The initial management of shock in patients with severe trauma is most often directed by emergency physicians. Recent adoption of damage control resuscitation has resulted in an increase in the amount of blood products given to these patients. As a result, the development of goal-directed blood component therapy has been promising for reducing blood product wastage and cost, while improving mortality.1,2 This review serves to provide basic familiarity with thromboelastographic blood-directed therapy, which has only recently been recognized in the field of emergency medicine and trauma.

Background

The current standard of care for damage control resuscitation and hemorrhagic shock is to replicate whole blood using a 1:1:1 ratio of packed red blood cells, fresh frozen plasma, and platelets.7 Traditional algorithms relying on data from PT/INR, PTT, platelet count, and fibrinogen levels have been shown to provide limited information on coagulopathy in the time sensitive setting of trauma.3-8 Therefore, resuscitation with goal-directed blood component therapy using whole blood visco-elastic tests (VETs) has been promising.

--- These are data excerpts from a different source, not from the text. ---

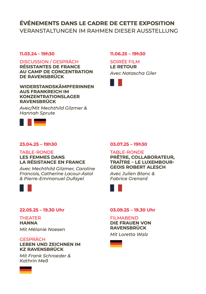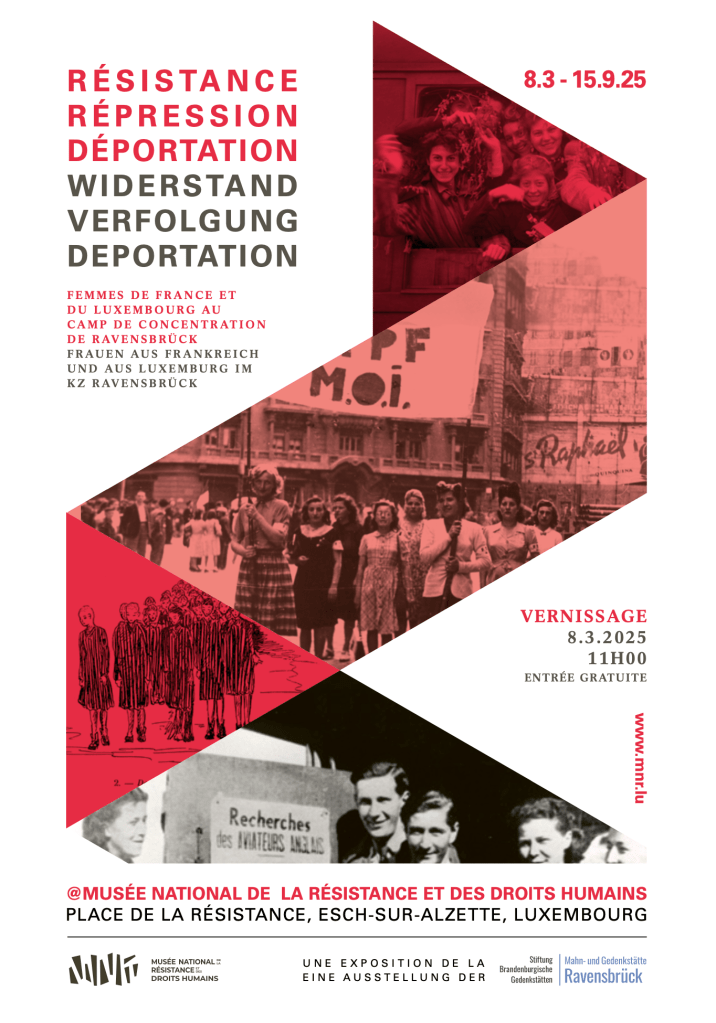 Du 8 mars au 15 septembre 2025, le Musée National de la Résistance et des Droits Humains à Esch-sur-Alzette accueillera l’exposition Résistance – Répression – Déportation. Femmes de France et du Luxembourg au camp de concentration de Ravensbrück.
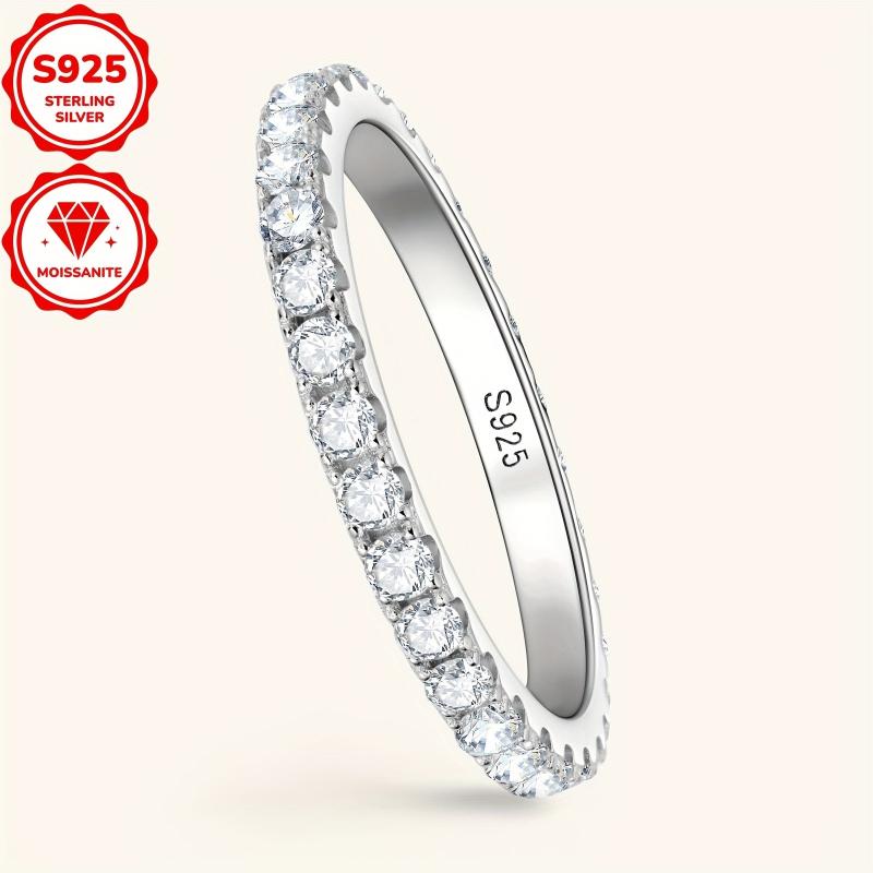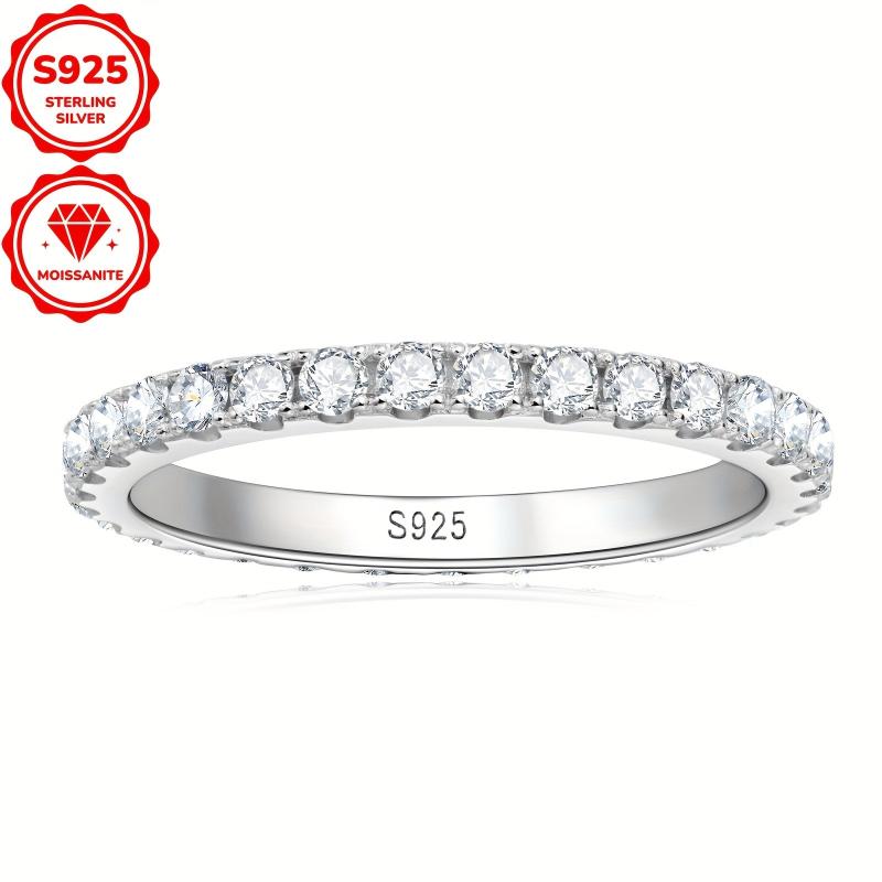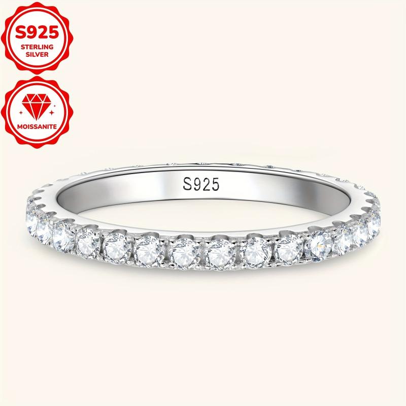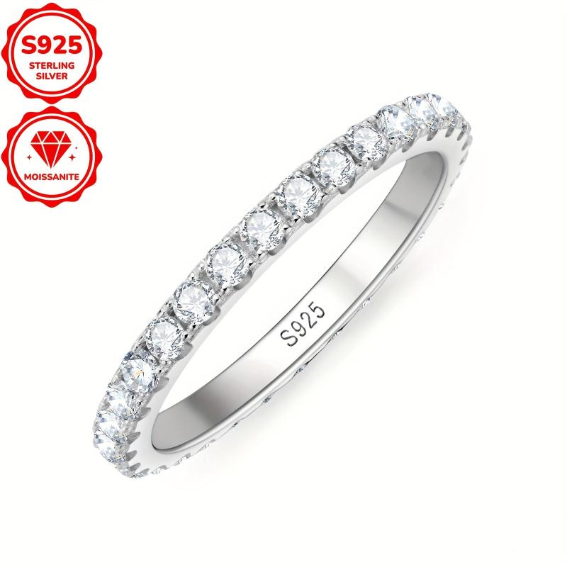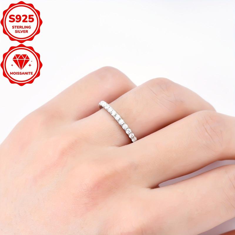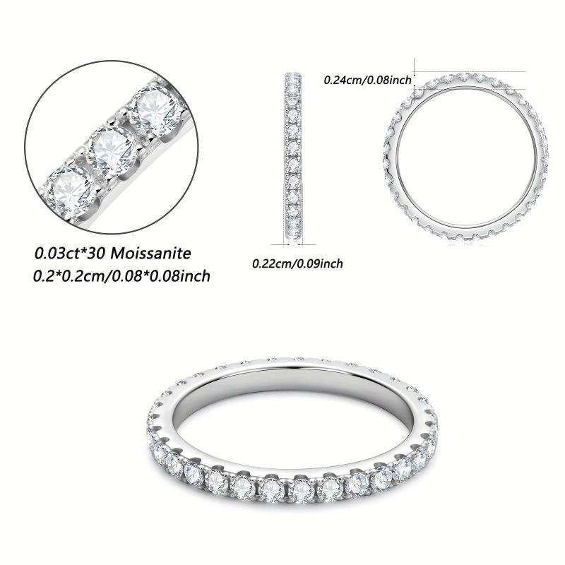 This stackable band ring is crafted from 925 silver and features 30 round cut 2mm moissanite stones totaling 0.03ct. Available in sizes 4 to 10.
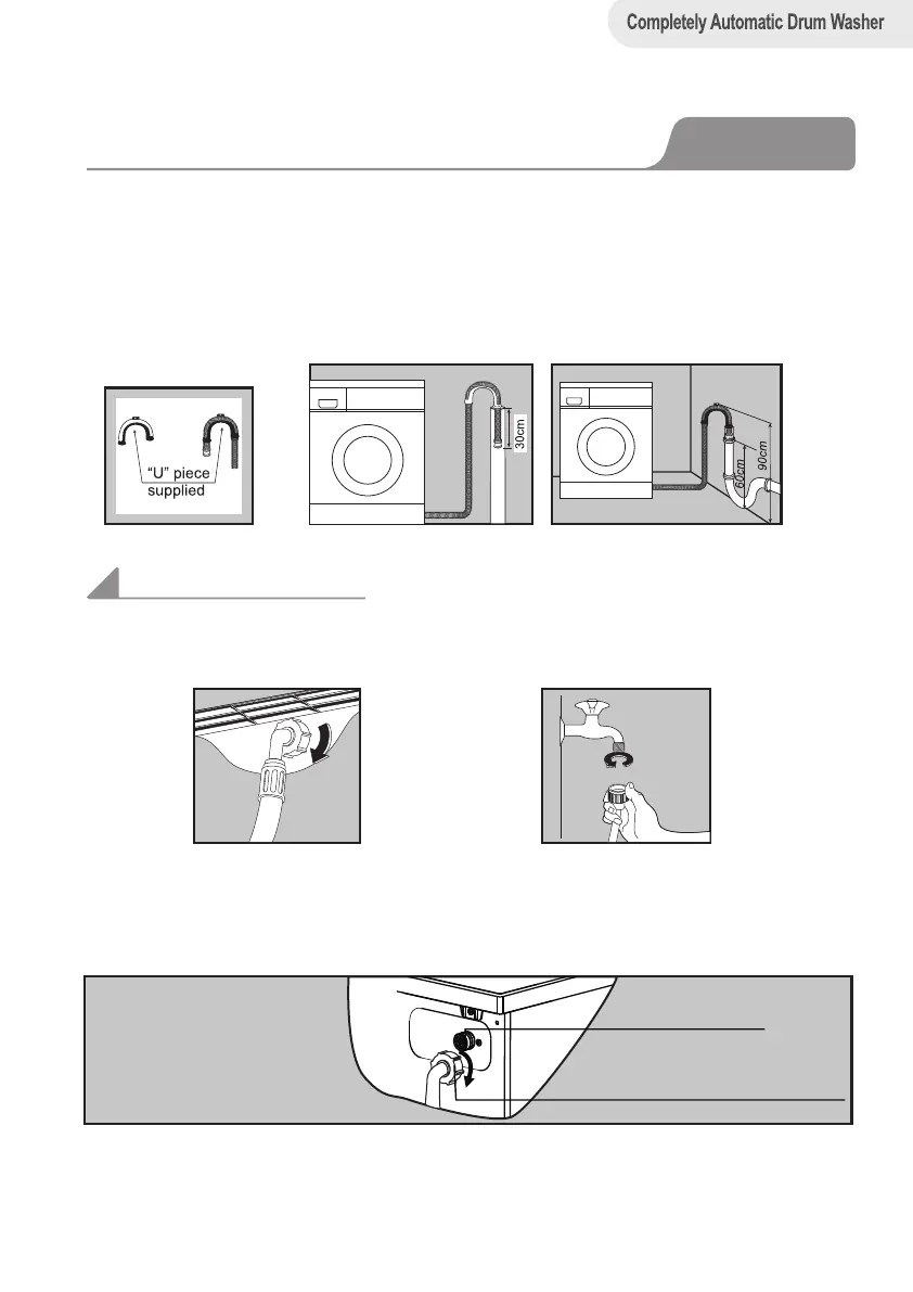 Firstly form a hook in the end of the drain hose using the “U” piece
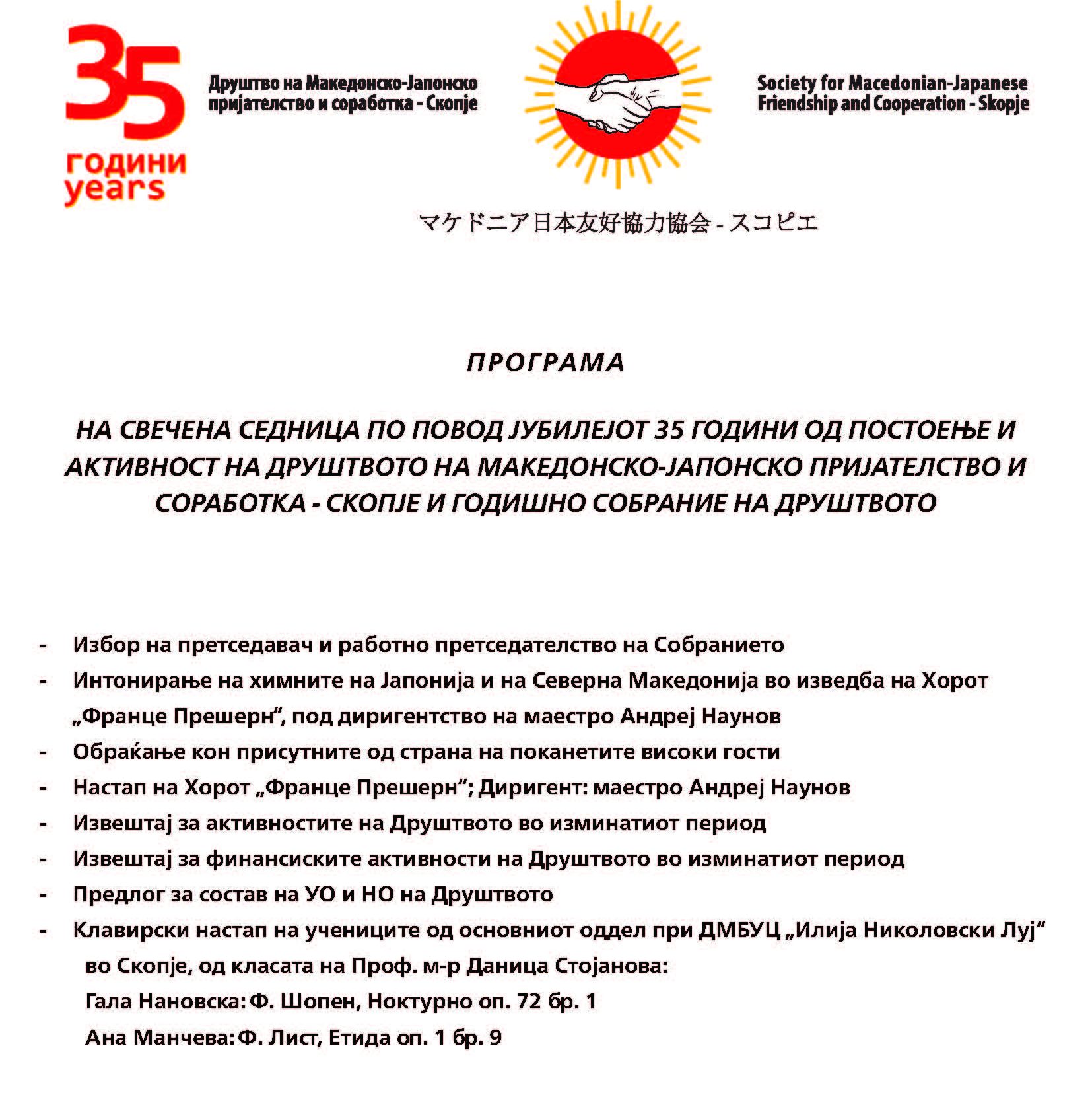 На 26 април 2025-та година со почеток во 19:00 часот во салата на Културно Информативниот Центар на град Скопје се одржа свечена седница по повод јубилејот 35 години од постоење и активност на Друштвото на македонско-јапонско пријателство и соработка – Скопје.
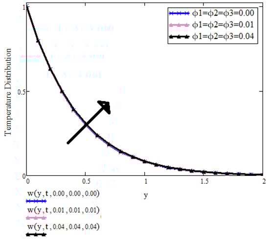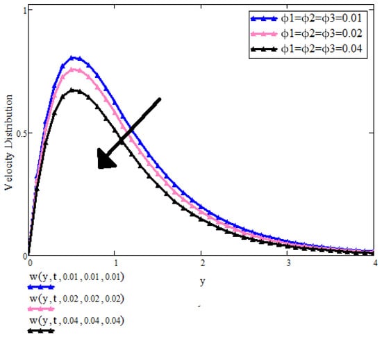 Figure 6 is intended to show the effect of the concentration of nanoparticles on the velocity field. It can be seen that by increasing the concentration of nanoparticles velocity profile is decreasing. Figure 6 depicted the impact of the concentration of ternary nanoparticles on velocity. It is found that larger the values of and stronger the viscous force makes the boundary layer denser and hence decreases.
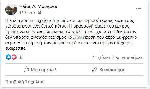 Για την απόφαση υποχρεωτικής χρήσης της μάσκας σε περισσότερους κλειστούς χώρους που ανακοινώθηκε σήμερα, τοποθετήθηκε ο Ηλίας Μόσιαλος. Σε ανάρτησή του στον προσωπικό λογαριασμό του στο Facebook, το χαρακτηρίζει ένα θετικό μέτρο όμως επισημαίνει ότι η εφαρμογή του μέτρου πρέπει να επεκταθεί σε όλους τους κλειστούς χώρους.
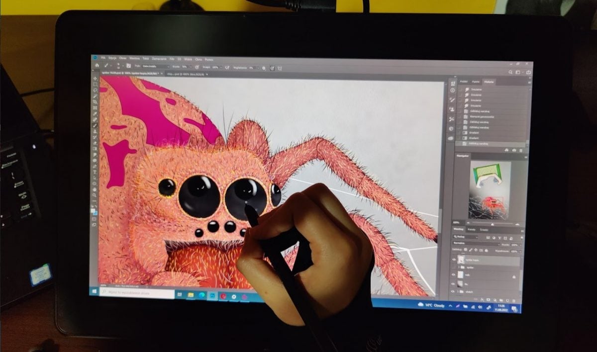 Inne cechy warte wyróżnienia to rozdzielczość Full HD, pokrycie 127% gamy sRGB i 90$ NTSC oraz współczynnik kontrastu 1000:1, co stanowi odpowiednie trio w tej cenie. Podobnie sprawa ma się z teksturowaną powierzchnią ekranu zewnętrznego, a raczej nałożonej na niego wymienialnej folii o matowym wykończeniu, której mikroskopijne nierówności zapewniają lekkie tarcie końcówki pióra, pozwalając lepiej panować na piórem. Czego z kolei brakuje samemu tabletowi? Ewidentnie dodatkowych przycisków, którymi producent mógłby zagospodarować grube ramki dookoła ekranu.
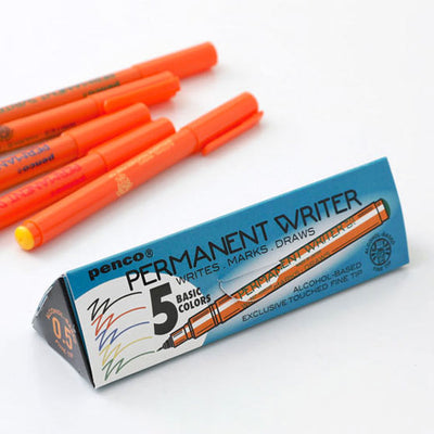 A set of 5 alcohol-based permanent ink pens with a 0.5mm fine tip by Penco.
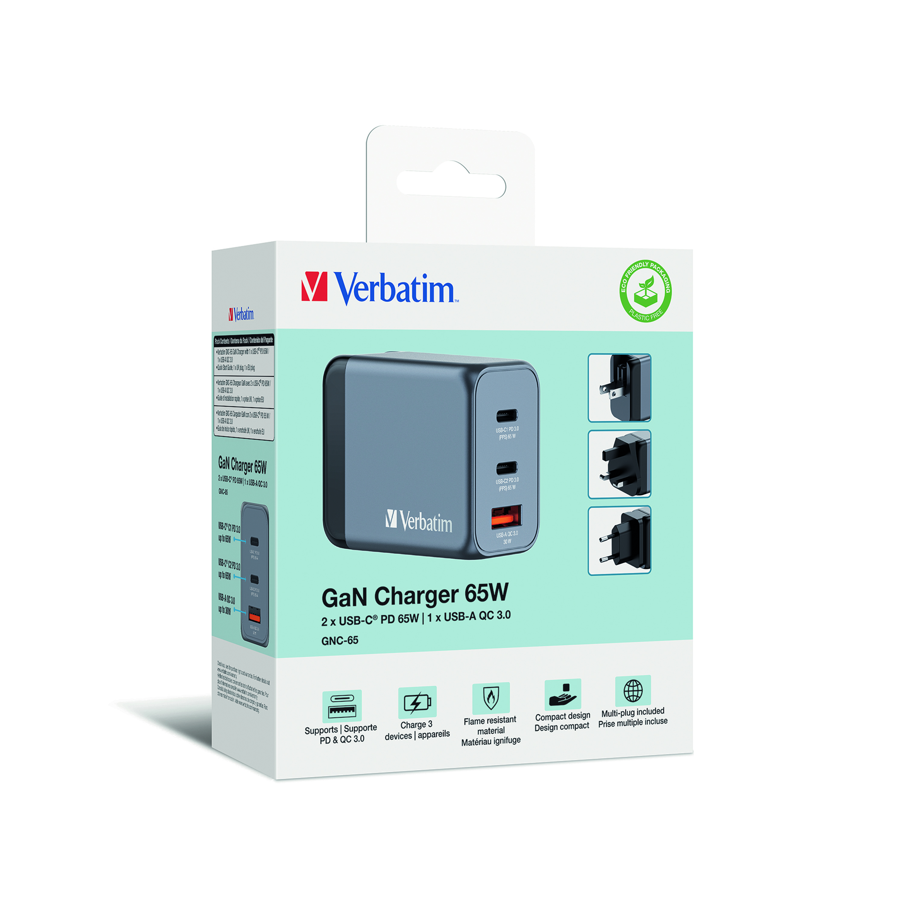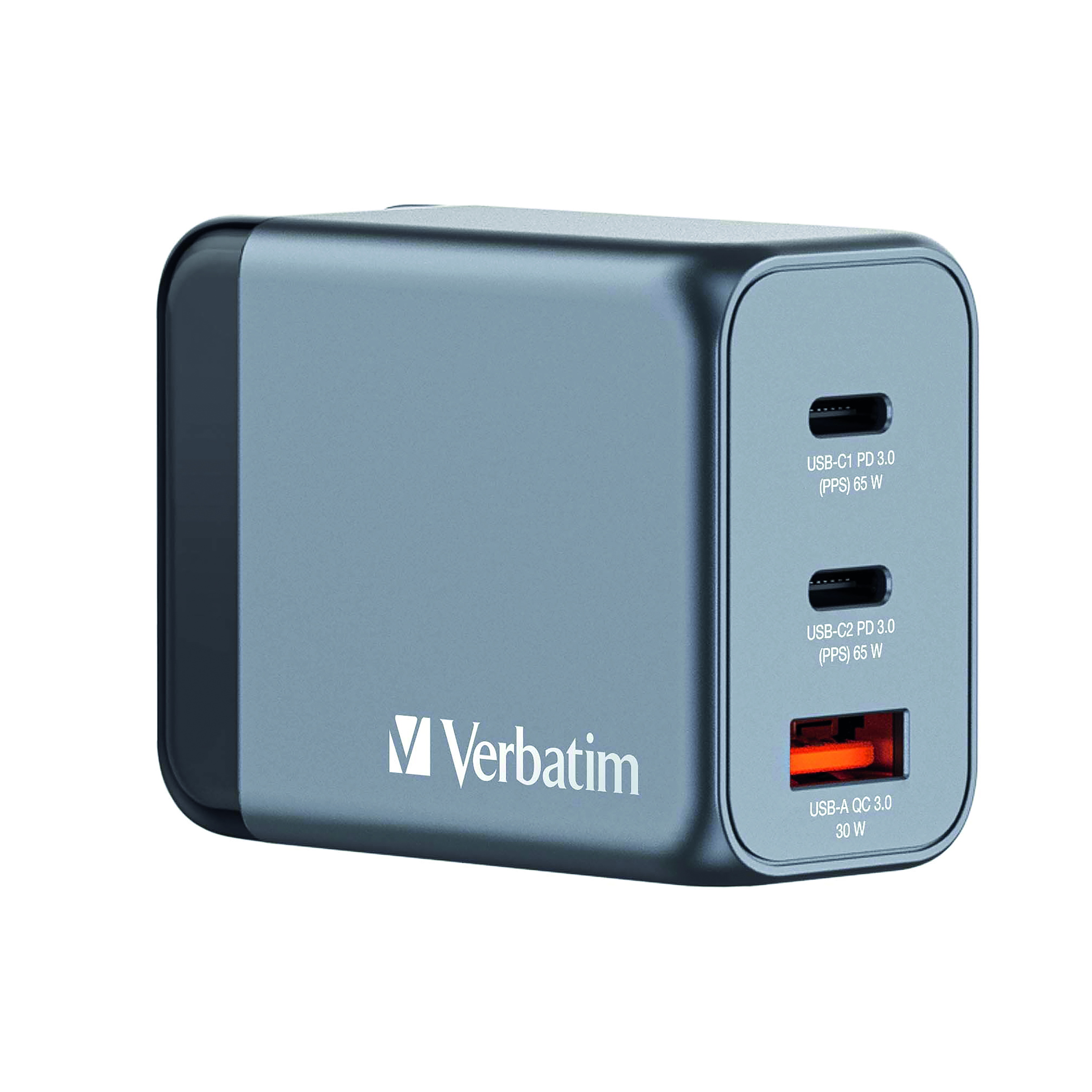 Verbatim's 65W GaN Wall Charger combines two USB-C PD 65W ports and one USB-A QC 3.0 port in a sleek, palm sized design. Ideal for the office, home or travelling to power your laptop, tablet, smartphone, gaming devices, and more. With its foldable US prongs and replaceable EU and UK plugs, it's the ultimate travel companion. Galliam Nitride (GaN) technology delivers high-powered, fast, efficient charging, and generates less heat. GaN chargers are smaller and lighter than traditional silicon-based chargers, making them ultra-portable and ideal for travel.
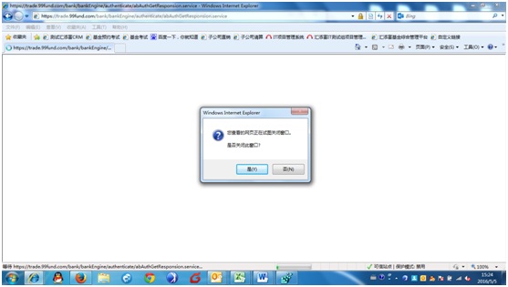 3.6 在“您選擇的網(wǎng)頁正試圖關(guān)閉”的窗口中,選擇“是”,跳轉(zhuǎn)到匯添富網(wǎng)頁,提示綁卡成功。

Thromboelastography (TEG) and Rotational Thromboelasometry (ROTEM) are the two most commonly used VETs. In the United States, the TEG has predominantly been utilized to guide resuscitation, whereas in Europe ROTEM is more widely used. Although TEG-guided management has long been established in cardiac surgery and liver transplantation, it is only recently being used for trauma resuscitation worldwide.7-12

Advantages of TEG-guided resuscitation include the ability to provide real-time assessment of coagulability while limiting the use of blood products, thereby reducing cost and the potential for transfusion-induced organ injury.7,13

How it Works

By measuring the clotting ability of a patient’s whole blood sample in real time, the TEG is able to provide a more comprehensive representation of hemostatic integrity, especially during massive transfusion.2,5-9 The TEG accurately reflects the lifespan of a clot through its four stages: initiation, amplification, propagation, and termination by fibrinolysis.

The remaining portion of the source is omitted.